When applied to a method, a PRE block automatically also calls all PRE blocks on any method of the same long name in each parent class. The precondition is satisfied if either the method's own PRE block returns true, or all of its parents' PRE blocks return true. This "me-or-all-my-parents" requirement applies recursively to each parent's PRE block as well.

When applied to a method, a POST block automatically also calls all POST blocks on any method of the same long name in every ancestral class. The postcondition is satisfied only if the method's own POST block and every one of its ancestral POST blocks all return true.

FIRST/LAST/NEXT/KEEP/UNDO/etc.

Mark blocks that are to be conditionally executed before or after the subroutine's do block. These blocks are generally used only for their side effects, since most return values will be ignored. FIRST may be an exception, but in that case you probably want to use a state variable anyway.

Parameter traitsT

The following traits can be applied to many types of parameters.

is readonly

Specifies that the parameter cannot be modified (e.g. assigned to, incremented). It is the default for parameters.

is rw

Specifies that the parameter can be modified (assigned to, incremented, etc). Requires that the corresponding argument is an lvalue or can be converted to one.

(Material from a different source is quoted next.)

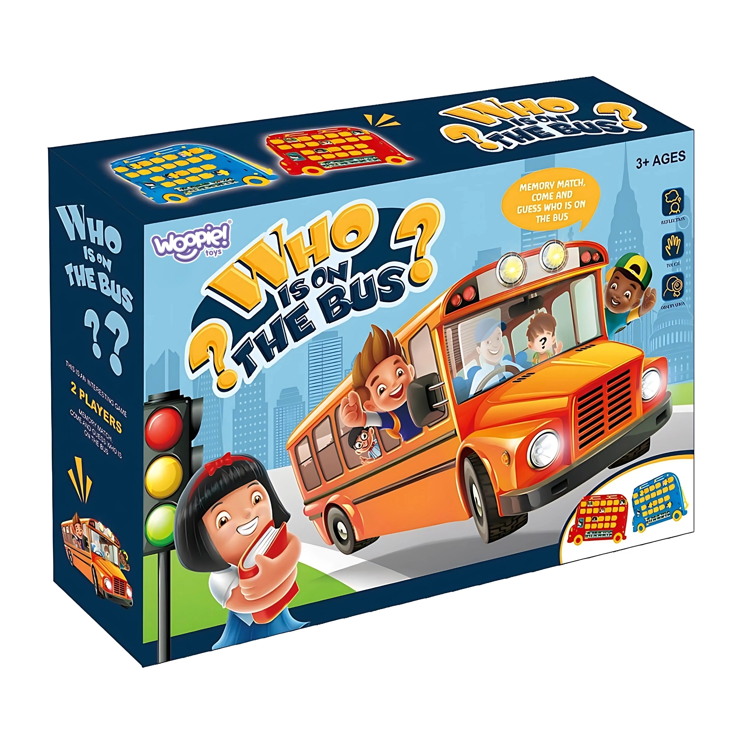 Družinska igra Woopie Ugani kdo prinaša priljubljeno načelo »ugani, kdo je« v novi, privlačni izvedbi z tablami v obliki šolskega avtobusa. Otroci in odrasli si urijo logično razmišljanje, spomin in pozornost ter komunikacijo. Igralci postavljajo pametna vprašanja in izločajo like ali živali, dokler ne odkrijejo pravilne kartice nasprotnika. Preprosta mehanika brez baterij, vzdržljiva izvedba in barvite ilustracije zagotavljajo zabavo za dolge ure doma in na poti.

When applied to a variadic parameter, the rw trait applies to each element of the list:

    sub incr (*@vars is rw) { $_++ for @vars }

(The variadic array as a whole is always modifiable, but such modifications have no effect on the original argument list.)

is ref

Specifies that the parameter is passed by reference. Unlike is rw, the corresponding argument must already be a suitable lvalue. No attempt at coercion or autovivification is made, so unsuitable values throw an exception when you try to modify them.

is copy

Specifies that the parameter receives a distinct, read-writable copy of the original argument. This is commonly known as "pass-by-value".

    sub reprint ($text, $count is copy) {
        print $text while $count-- > 0;
    }
is context(TYPE)

Specifies the context that a parameter applies to its argument. Typically used to cause a final list parameter to apply a series of scalar contexts:

    # &format may have as many arguments as it likes,
    # each of which is evaluated in scalar context

    sub format(*@data is context(Scalar)) {...}

Note that the compiler may not be able to propagate such a scalar context to a function call used as a parameter to a method or multisub whose signature is not visible until dispatch time. Such function call parameters are called in list context by default, and must be coerced to scalar context explicitly if that is desired.

The return function

The return function notionally throws a control exception that is caught by the current lexically enclosing Routine to force a return through the control logic code of any intermediate block constructs. With normal blocks this can be optimized away to a "goto". All Routine declarations have an explicit declarator such as sub or method; bare blocks and "pointy" subs are never considered to be routines in that sense. To return from a block, use leave instead--see below.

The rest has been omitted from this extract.